## [Problem statement]
The line with "Комплексное питание всех" marks the first line to copy, and the line with "Kompaktna žličko-vilica (14,5" marks the last. Transcribe that stretch of the data below exactly, without pictures.

## [Source material]

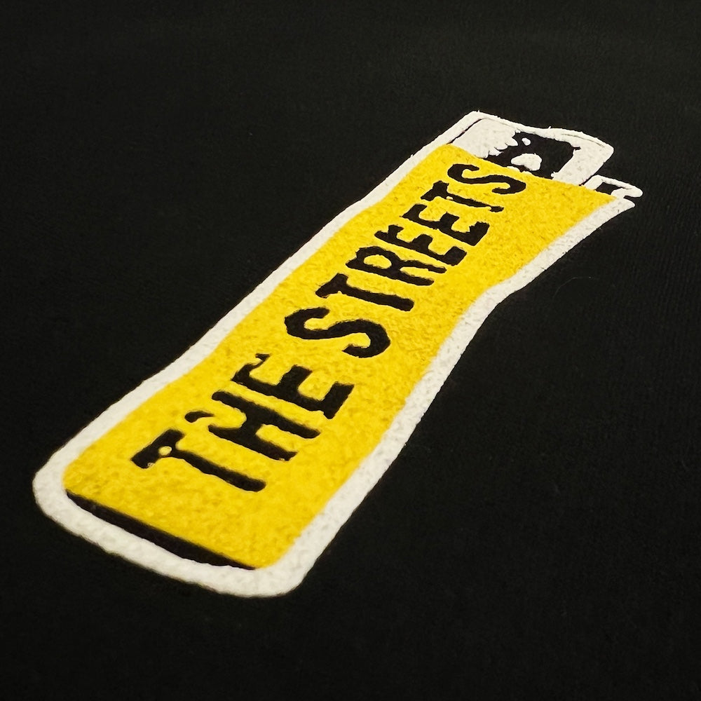 Relaxed fit, 80% cotton black pullover hoodie with yellow The Streets Lighter logo embroidered front print and Original Pirate Material back puff print.
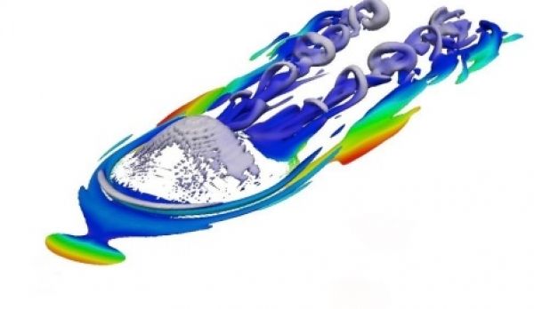 Image: The image above is a 3D computer simulation of air flowing over a hill creating turbulence at transonic speed. The ring-like features are eddies of air. Credit: James Chen / University at Buffalo.
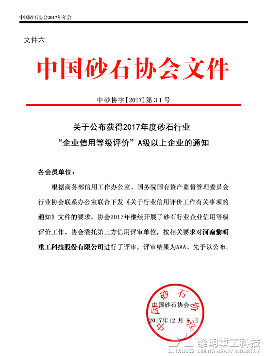 為逐步建立砂石行業信用體系,提升行業內企業的信用管理水平,建立健全行業的工業化發展體制,中國砂石協會特開展砂石行業企業信用等級評價工作。2017年,根據商務部信用工作辦公室、國務院國有資產監督管理委員會行業協會聯系辦公室聯合下發的《關于行業信用評價工作有關事項的通知 》文件要求,在企業自愿申報的基礎上,中國砂石協會本著“公開、公正、科學”的原則,嚴格按照信用等級評價程序,聯同第三方信用評審單位對黎明重工進行了評估,評審結果為AAA。
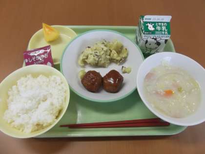 今日10月13日は「さつまいもの日」です。給食の献立にも、さつまいもを使った料理が並べられています。10月は、さつまいもが旬で市場に出回るからですが、13日になったのは、次の理由からだそうです。
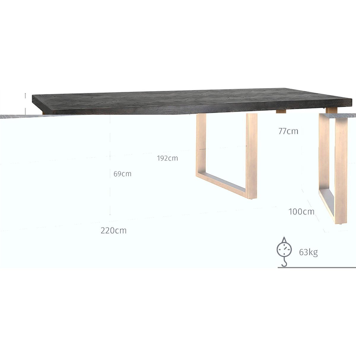 Measuring 220 x 100 x 77 cm, the table offers ample space for dining essentials, centerpieces, and tableware, making it a versatile choice for both everyday meals and special occasions. Its sleek design adds a modern touch, while the sturdy construction ensures long-lasting durability and stability, even in busy households. The clean lines and bold black-and-gold tones make this table a striking piece that easily complements contemporary, urban, or industrial interiors.
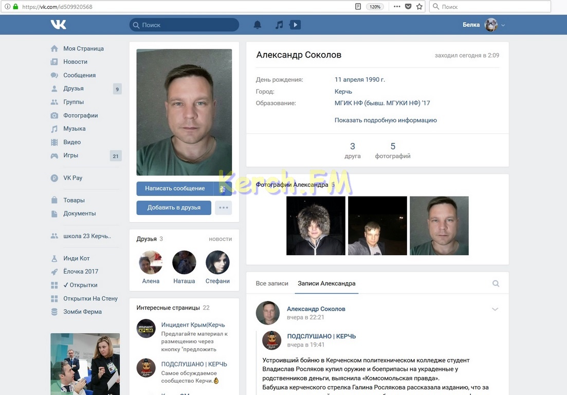 Неизвестные люди создали страничку в социальной сети и от имени Александра Соколова собирают деньги, якобы для помощи семьям пострадавших в Политехническом колледже. Об этом редакции Керчь.ФМ рассказал сам Александр Соколов.
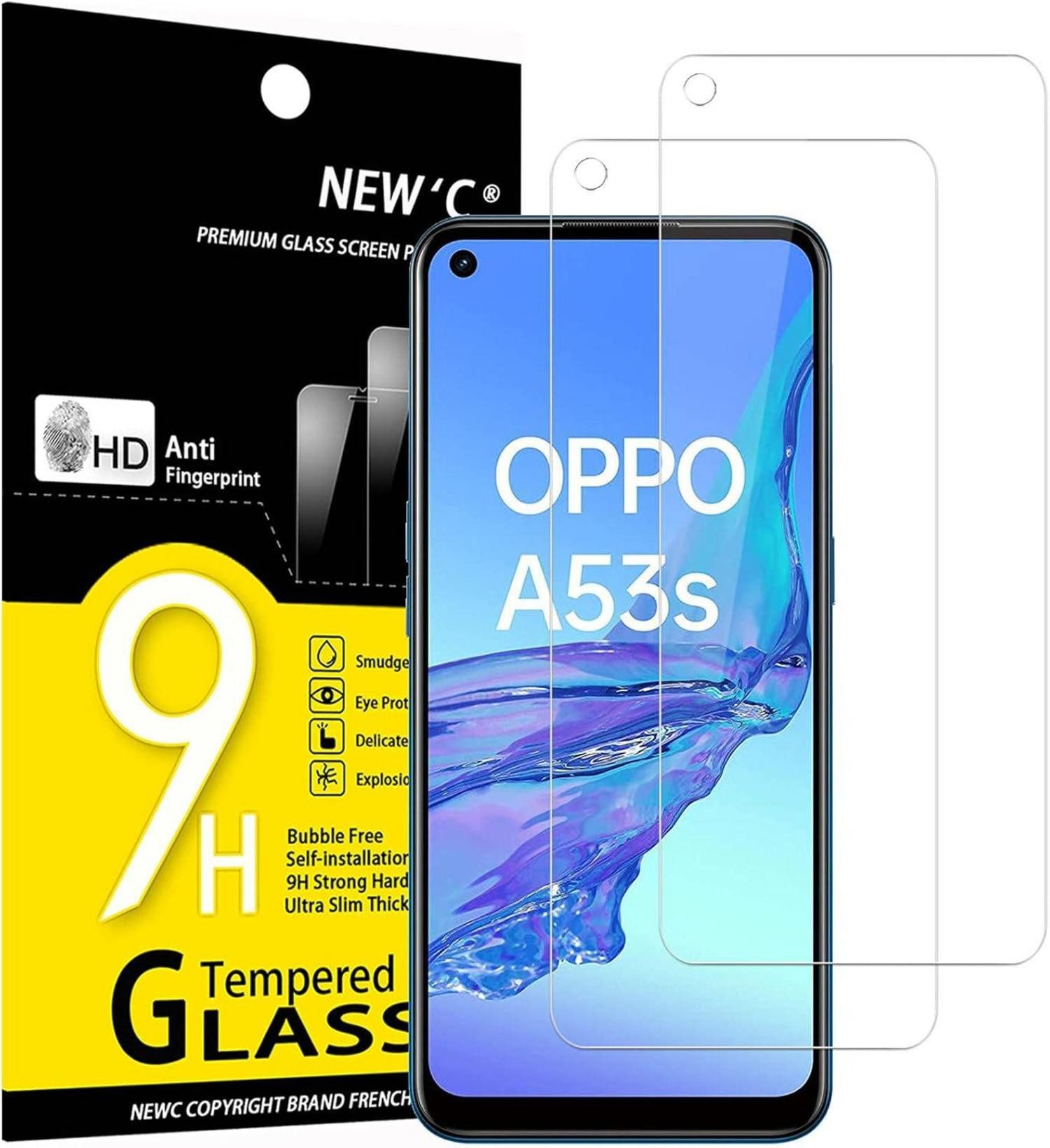 NEW'C 2 Stück, Panzer Schutz Glas für Oppo A53 / A53s bietet Ihnen ultimativen Schutz für Ihr Smartphone. Mit einer Härte von 9H ist dieses Panzerglas widerstandsfähiger als ein Messer und schützt Ihr Gerät zuverlässig vor Kratzern und Stößen. Die spezielle Ölabweisende Beschichtung sorgt dafür, dass Fingerabdrücke und Schmierereien der Vergangenheit angehören. Ihr Display bleibt immer makellos und lässt sich mühelos reinigen.
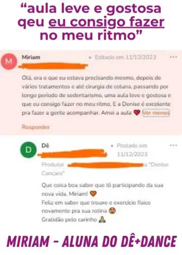 Dá uma olhada no que uma aluna que encontrou no Dê+Dance o jeito de se renovar e sair do sedentarismo, mesmo após uma cirurgia:
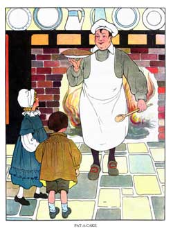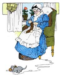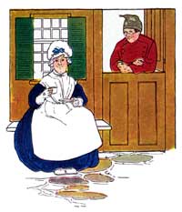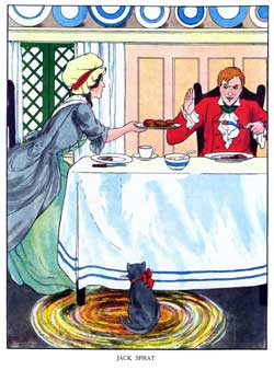 Pussy-cat ate the dumplings, the dumplings, Pussy-cat ate the dumplings. Mamma stood by, and cried, "Oh, fie! Why did you eat the dumplings?" |
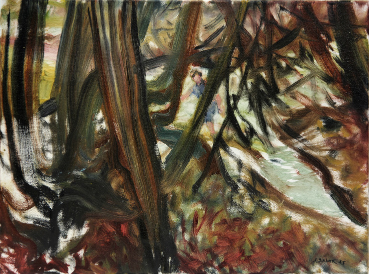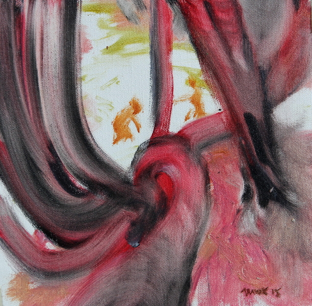SOLD - It is Good to Run in the Rain I , 2016, oil on canvas, 11.5” x 14"
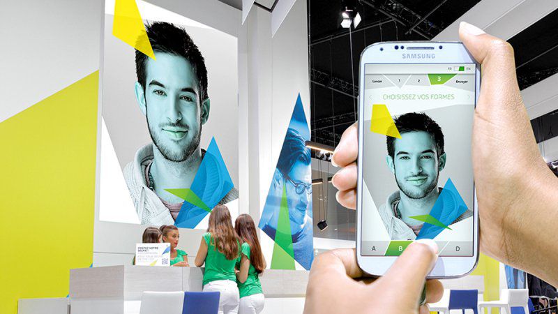 Using an app on their smartphone or on one that is on display, visitors create their own selfie, which is then broadcast on a 3 × 4 meter screen. An interactive crowd puller.
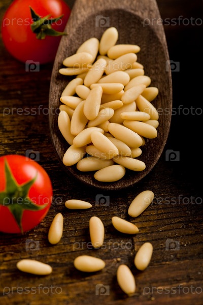 Кедровые орехи в деревянной ложке
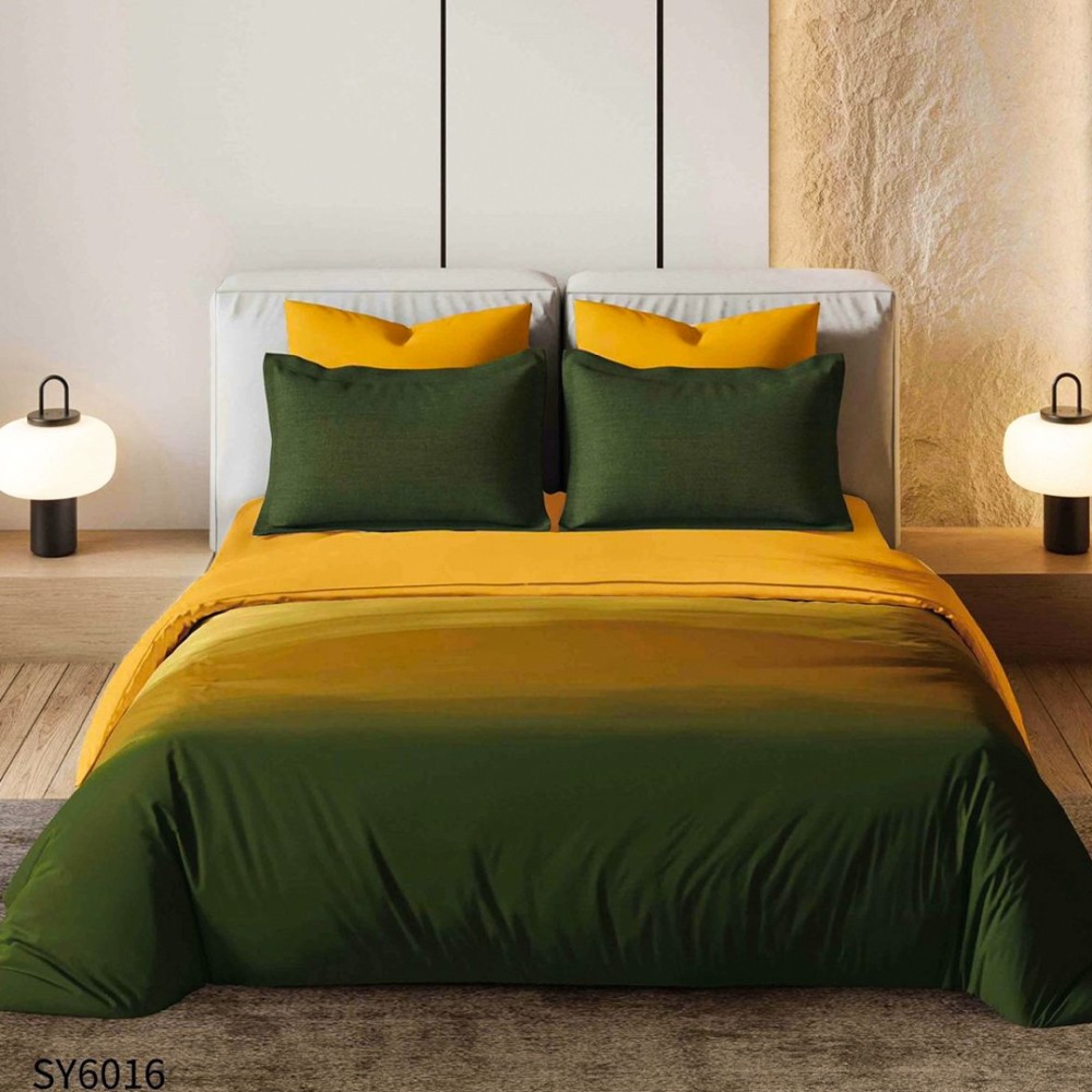 Lenjerie pat dublu, FINET, Imprimeu Digital, cu ELASTIC, Galben, Verde, Degrade, Primavara Casa, cod produs: PRM-FD-SY6016
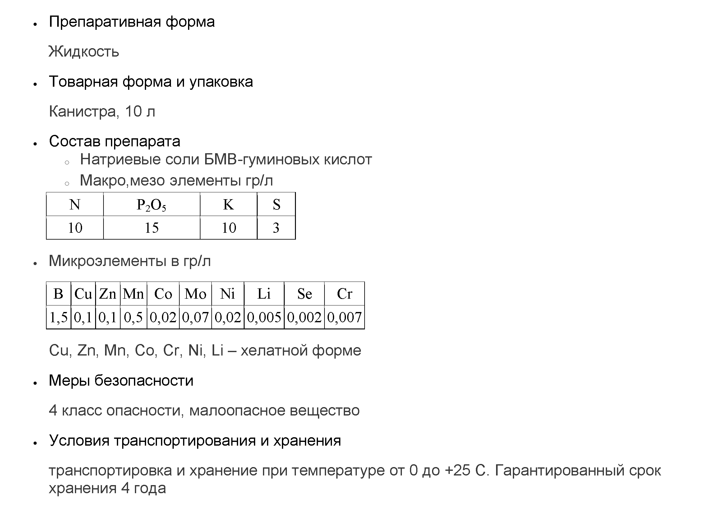 Комплексное питание всех с\х культур в виде корневых и некорневых подкормок, обработка семян перед посевом. Изготовленные из биоактивированных по молекулярному весу калийных солей гуминовых кислот, находящихся в свободной мобильной форме, которые проникают в растения за счет повышения проницаемости клеточной мембраны и активно включаются в обменные процессы сельскохозяйственных растений, что способствует:
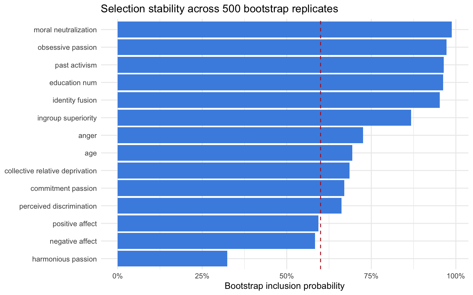 Variables with inclusion probability above the dashed line remain active in most bootstrap fits. Robust signals include moral neutralization (99%), obsessive passion (97%), past activism (96%), education num (96%), identity fusion (95%), ingroup superiority (87%), anger (73%), age (69%), collective relative deprivation (69%), commitment passion (67%), perceived discrimination (66%).
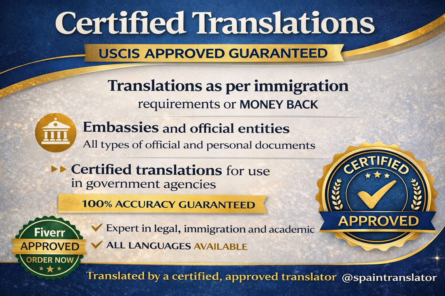 Need a certified translation for your USCIS application or green card process? I specialize in USCIS-approved translations that meet all formatting and certification requirements. Each document is delivered ready for submission to immigration authorities and other official institutions.
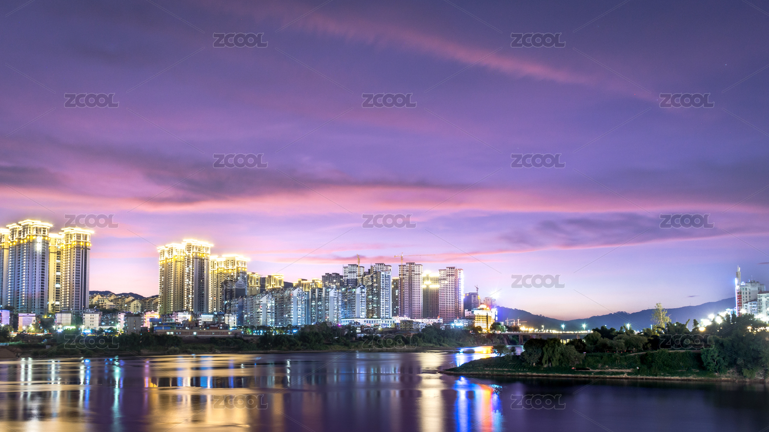 中國湖北宜昌夕陽西下到華燈初上
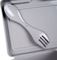 Kompaktna žličko-vilica (14,5 cm) ima svoje mesto pod pokrovom, zato je ne boste pozabili in prihranili boste prostor v torbi.
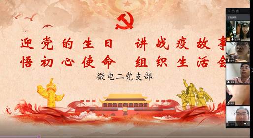 物理科学与技术学院微电二党支部于2020年7月6号上午10点通过腾讯会议的形式,线上召开“迎党的生日、讲战疫故事、悟初
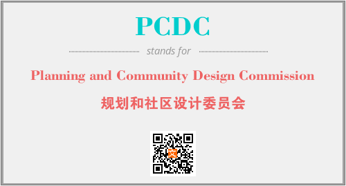 上述内容是“Planning and Community Design Commission”作为“PCDC”的缩写,解释为“规划和社区设计委员会”时的信息,以及英文缩略词PCDC所代表的英文单词,其对应的中文拼音、详细解释以及在英文中的流行度和相关分类、应用领域及应用示例等。
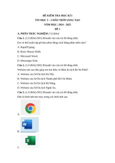 TIN HỌC 5 – CHÂN TRỜI SÁNG TẠO NĂM HỌC: 2024 - 2025 ĐỀ 1
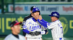 [OSEN=대구, 이대선 기자] 24일 오후 대구 시민운동장야구장에서 '2014 한국야쿠르트 세븐 프로야구' 삼성 라이온즈와 LG 트윈스의 경기가 열렸다. 7회말 1사 만루에서 삼성 이흥련이 우전 적시타를 치고 김평호 코치와 환호하고 있

## [Answer for this exercise]
 Комплексное питание всех с\х культур в виде корневых и некорневых подкормок, обработка семян перед посевом. Изготовленные из биоактивированных по молекулярному весу калийных солей гуминовых кислот, находящихся в свободной мобильной форме, которые проникают в растения за счет повышения проницаемости клеточной мембраны и активно включаются в обменные процессы сельскохозяйственных растений, что способствует:
 Variables with inclusion probability above the dashed line remain active in most bootstrap fits. Robust signals include moral neutralization (99%), obsessive passion (97%), past activism (96%), education num (96%), identity fusion (95%), ingroup superiority (87%), anger (73%), age (69%), collective relative deprivation (69%), commitment passion (67%), perceived discrimination (66%).
 Need a certified translation for your USCIS application or green card process? I specialize in USCIS-approved translations that meet all formatting and certification requirements. Each document is delivered ready for submission to immigration authorities and other official institutions.
 中國湖北宜昌夕陽西下到華燈初上
 Kompaktna žličko-vilica (14,5 cm) ima svoje mesto pod pokrovom, zato je ne boste pozabili in prihranili boste prostor v torbi.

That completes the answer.